We were a family of nine brothers and sisters. Our two youngest brothers, barely in their teens, were going to college and involved in the Liberation War. They used to operate as guerilla fighters within Dhaka city with the late freedom fighter Jainal and his team. They envisaged the distant dawn of hope for a homeland of their own in that second week of December 1971.

But the night of terror struck on the 14th. Our house was totally cordoned off by the Pakistan army and the notorious forces of Al Badar and Al Shams. We were curled up in a corner of a large room like a herd of sheep with the neighbouring family taking shelter with us. We were afraid of air strikes and bombing when the soldiers outside forced their way into our Central Road house.

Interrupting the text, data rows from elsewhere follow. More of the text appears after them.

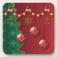 Layers of fractals make up this stylized Christmas design. A muted red backdrop, a spiky green tree, gold stars and snowflakes hanging from a strand of red and gold beads, and three red balls with a twirling gold design hanging in front.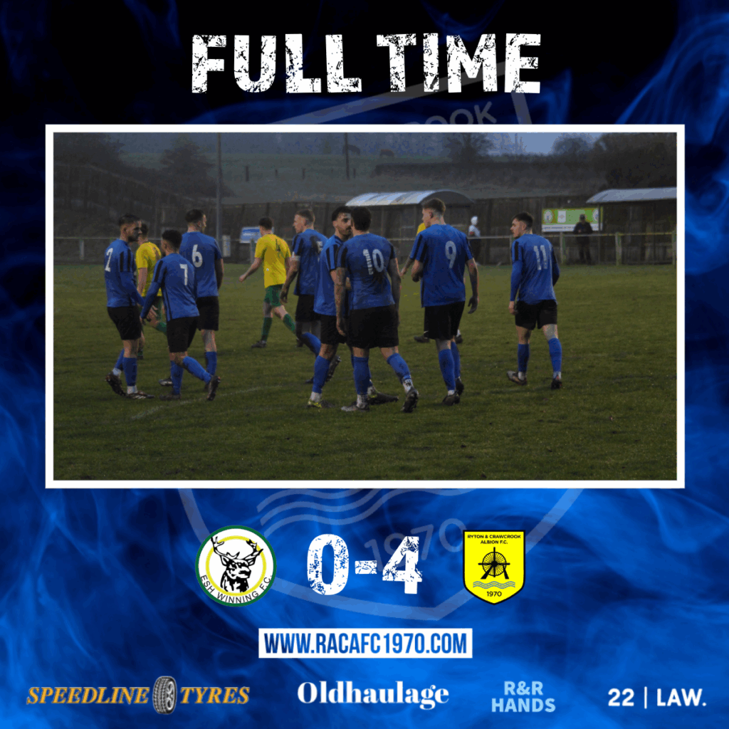 Albion heaped the misery on to Esh Winning with a 4-0 win at West Terrace, the damage being done in the first half with goals from Louis Anderson, Louis Calvert (2) and Callum Johnston. The Stags came close to ending their goal drought on more than one occasion in the game but they remain rooted to the foot of the table while RACA scored four goals for the second time in five days.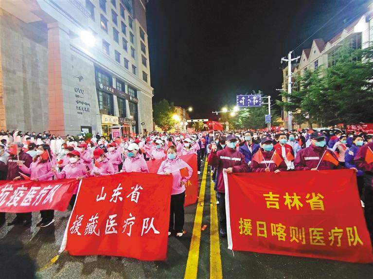 血脈相連、共克時艱。在日喀則市抗擊新冠肺炎疫情的緊要關(guan) 頭,山東(dong) 省委、省政府和吉林省委、省政府第一時間組織支援抗疫醫療隊,馳援日喀則。全體(ti) 醫療隊隊員響應組織號召,主動請纓、逆行出征,帶著山東(dong) 、吉林人民的深情厚誼,以生命守護生命、以大愛砥礪仁心,苦戰鏖戰40多個(ge) 日日夜夜,為(wei) 日喀則奪取抗擊新冠肺炎疫情全麵勝利作出了突出貢獻。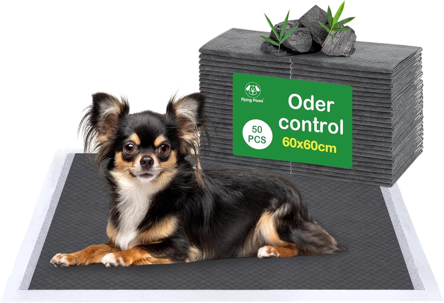 Flying Paws Trainingsunterlagen Einweg-Welpenunterlagen mit Aktivkohle, 60×60 cm (L, 50 Stück)
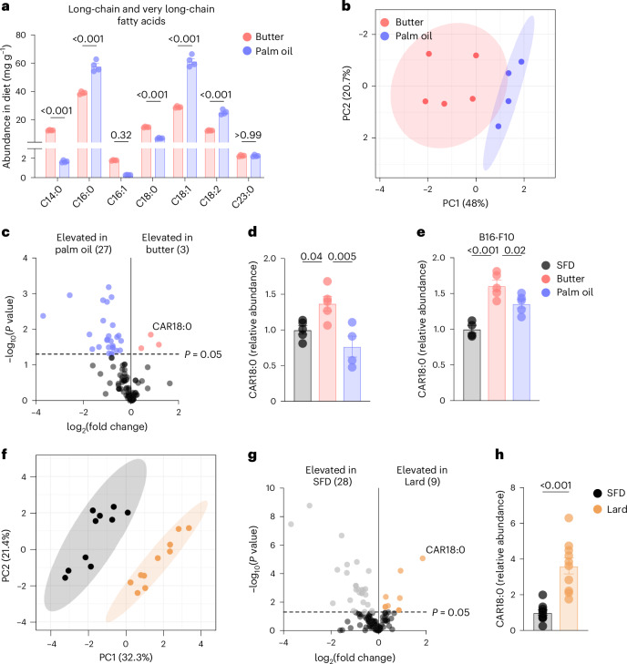 Obesity increases the risk of many cancers and impairs the anti-tumour immune response. However, little is known about whether the source or composition of dietary fat affects tumour growth or anti-tumour immunity in obesity. Here, we show that high-fat diets (HFDs) derived from lard, beef tallow or butter accelerate tumour growth in a syngeneic model of melanoma, but HFDs based on coconut oil, palm oil or olive oil do not, despite equivalent obesity. Using butter-based and palm oil-based HFDs as examples, we find that these dietary fat sources differentially regulate natural killer and CD8 T cell infiltration and function within the tumour microenvironment, governed by distinct effects on the plasma metabolome and intracellular metabolism. We identify diet-related lipid intermediates, namely long-chain acylcarnitine species, as immunosuppressive metabolites enriched in mice fed butter compared to palm oil HFD. Together, these results highlight the significance of diet in maintaining a healthy immune system and suggest that modifying dietary fat may improve cancer outcomes in obesity.
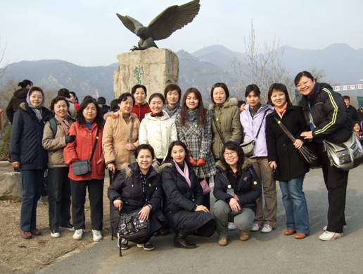 3月10号上午在春意盎然的阳光照耀下,我院二十多名女教工跟随医学部工会来到鹫峰脚下,大家先在此留影。

With their arms and faces covered with scarves and pieces of cloth, they made us stand in a line. They picked out our two younger brothers, blind folded them and rushed away saying “We will return them tomorrow.”

So many tomorrows have passed and our brothers have never returned nor their bodies found. Our mother, who is now 85 years old by the grace of Allah, lives in the same old house and remembers with grief and sorrow that terrible and unforgettable night of terror.

My parents never wanted to draw attention to our loss, for they graciously believed their sons sacrificed their lives for the cause of the Liberation War and the creation of an independent nation – Bangladesh. What we have today is at the cost of many lives.


Aminul Islam, Genocide, oil on canvas, 75x140cm, 1972. Image: Courtesy



Shahabuddin Ahmed, Victory 1, oil on canvas, 2009, image Courtesy: Depart.

A Wartime Tea Invitation

S A Mansoor

A couple of days before war was formally declared by India on December 3, 1971, I was test driving a random Prajoti assembled Vauxhall Viva car with a colleague. We usually drove from the factory near to the approach of Feni Bridge and back.

To our surprise, Pakistani troops were already in position near Feni Bridge along the highway and we could hear the occasional cannon fire in the distance.

On our drive back, a few miles from Feni Bridge towards Sitakundu, a Pakistani trooper stopped us to say that the Brigadier wanted to talk to us. We stopped the car on the empty Dhaka-Chittagong highway and walked to Brigadier's large tent, scared and shaking in our shoes.

The Brigadier (a Pathan) was polite and invited us to tea! He said he was bored living in the middle of nowhere with no one to talk to. He was a gracious host and a perfect gentleman – but he did most of the talking.

He regretted that before being sent here with his troops from West Pakistan, he was totally misinformed by his divisional HQ. He had been told that East Pakistan was full of Hindus. He said he was surprised to find at least two primary schools in a nearby village and to hear 'Azan' regularly from three or four mosques very close to his encampment.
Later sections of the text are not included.